▸ **RECORDED INFORMATION**:
+++
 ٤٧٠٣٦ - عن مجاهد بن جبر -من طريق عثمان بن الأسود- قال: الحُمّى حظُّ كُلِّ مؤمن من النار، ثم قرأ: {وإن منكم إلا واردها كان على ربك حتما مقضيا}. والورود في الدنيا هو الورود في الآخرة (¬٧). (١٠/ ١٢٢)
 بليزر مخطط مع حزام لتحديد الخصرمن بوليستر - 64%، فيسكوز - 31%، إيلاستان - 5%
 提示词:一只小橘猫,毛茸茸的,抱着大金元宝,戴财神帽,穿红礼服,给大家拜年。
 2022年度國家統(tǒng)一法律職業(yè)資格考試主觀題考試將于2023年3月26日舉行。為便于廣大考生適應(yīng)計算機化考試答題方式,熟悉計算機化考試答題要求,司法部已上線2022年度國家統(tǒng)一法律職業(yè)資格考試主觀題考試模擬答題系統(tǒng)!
+++
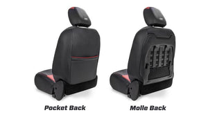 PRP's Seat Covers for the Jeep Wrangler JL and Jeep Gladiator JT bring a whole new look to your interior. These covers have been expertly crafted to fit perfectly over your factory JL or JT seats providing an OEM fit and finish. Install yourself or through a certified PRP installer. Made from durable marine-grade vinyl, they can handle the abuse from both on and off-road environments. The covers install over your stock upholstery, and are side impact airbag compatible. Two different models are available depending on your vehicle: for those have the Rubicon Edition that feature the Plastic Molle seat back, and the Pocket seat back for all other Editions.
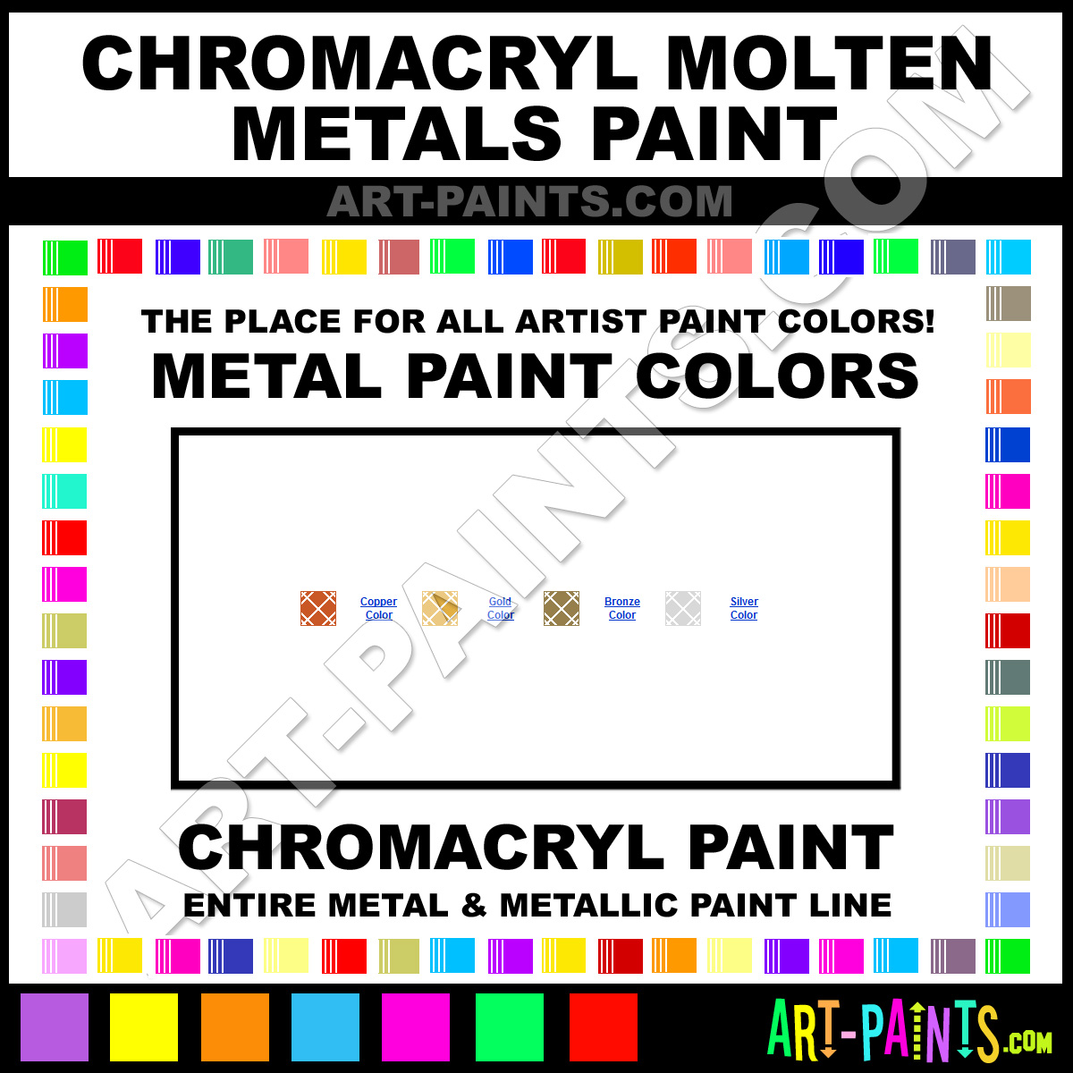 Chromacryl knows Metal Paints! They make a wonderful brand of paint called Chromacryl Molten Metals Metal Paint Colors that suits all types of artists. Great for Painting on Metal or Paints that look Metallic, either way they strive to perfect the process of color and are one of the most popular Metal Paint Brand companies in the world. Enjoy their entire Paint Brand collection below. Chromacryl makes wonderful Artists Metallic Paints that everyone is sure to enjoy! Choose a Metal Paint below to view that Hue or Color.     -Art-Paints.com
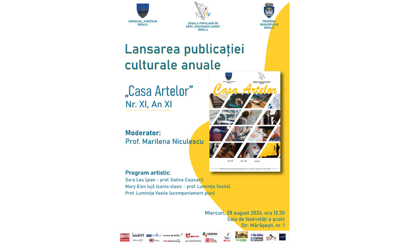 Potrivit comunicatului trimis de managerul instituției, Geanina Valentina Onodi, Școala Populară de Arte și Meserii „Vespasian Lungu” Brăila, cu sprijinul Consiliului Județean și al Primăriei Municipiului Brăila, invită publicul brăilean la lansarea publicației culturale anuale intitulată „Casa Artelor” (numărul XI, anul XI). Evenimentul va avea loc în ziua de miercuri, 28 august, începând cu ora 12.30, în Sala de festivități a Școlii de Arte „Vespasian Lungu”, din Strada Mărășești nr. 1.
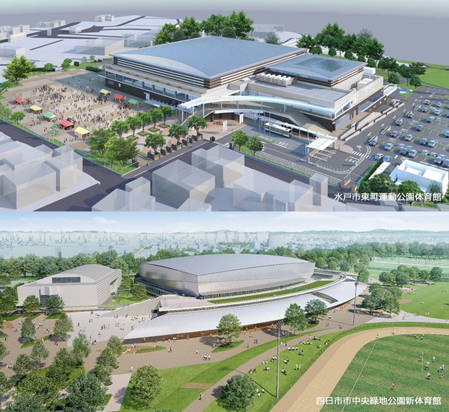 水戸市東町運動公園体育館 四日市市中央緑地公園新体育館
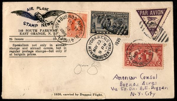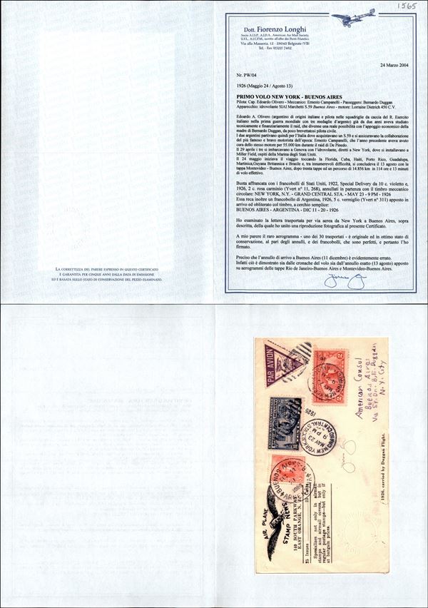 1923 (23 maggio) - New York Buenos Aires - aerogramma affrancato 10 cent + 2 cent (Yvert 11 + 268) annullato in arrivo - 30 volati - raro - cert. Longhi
+++
▸ **ACTIVITY**: Everything from the line above that contains "Potrivit comunicatului trimis" down to the line that contains "1923 (23 maggio)" must be reproduced exactly, both ends included. Omit the pictures.

▸ **RESPONSE BELOW**:
 Potrivit comunicatului trimis de managerul instituției, Geanina Valentina Onodi, Școala Populară de Arte și Meserii „Vespasian Lungu” Brăila, cu sprijinul Consiliului Județean și al Primăriei Municipiului Brăila, invită publicul brăilean la lansarea publicației culturale anuale intitulată „Casa Artelor” (numărul XI, anul XI). Evenimentul va avea loc în ziua de miercuri, 28 august, începând cu ora 12.30, în Sala de festivități a Școlii de Arte „Vespasian Lungu”, din Strada Mărășești nr. 1.
 水戸市東町運動公園体育館 四日市市中央緑地公園新体育館
 1923 (23 maggio) - New York Buenos Aires - aerogramma affrancato 10 cent + 2 cent (Yvert 11 + 268) annullato in arrivo - 30 volati - raro - cert. Longhi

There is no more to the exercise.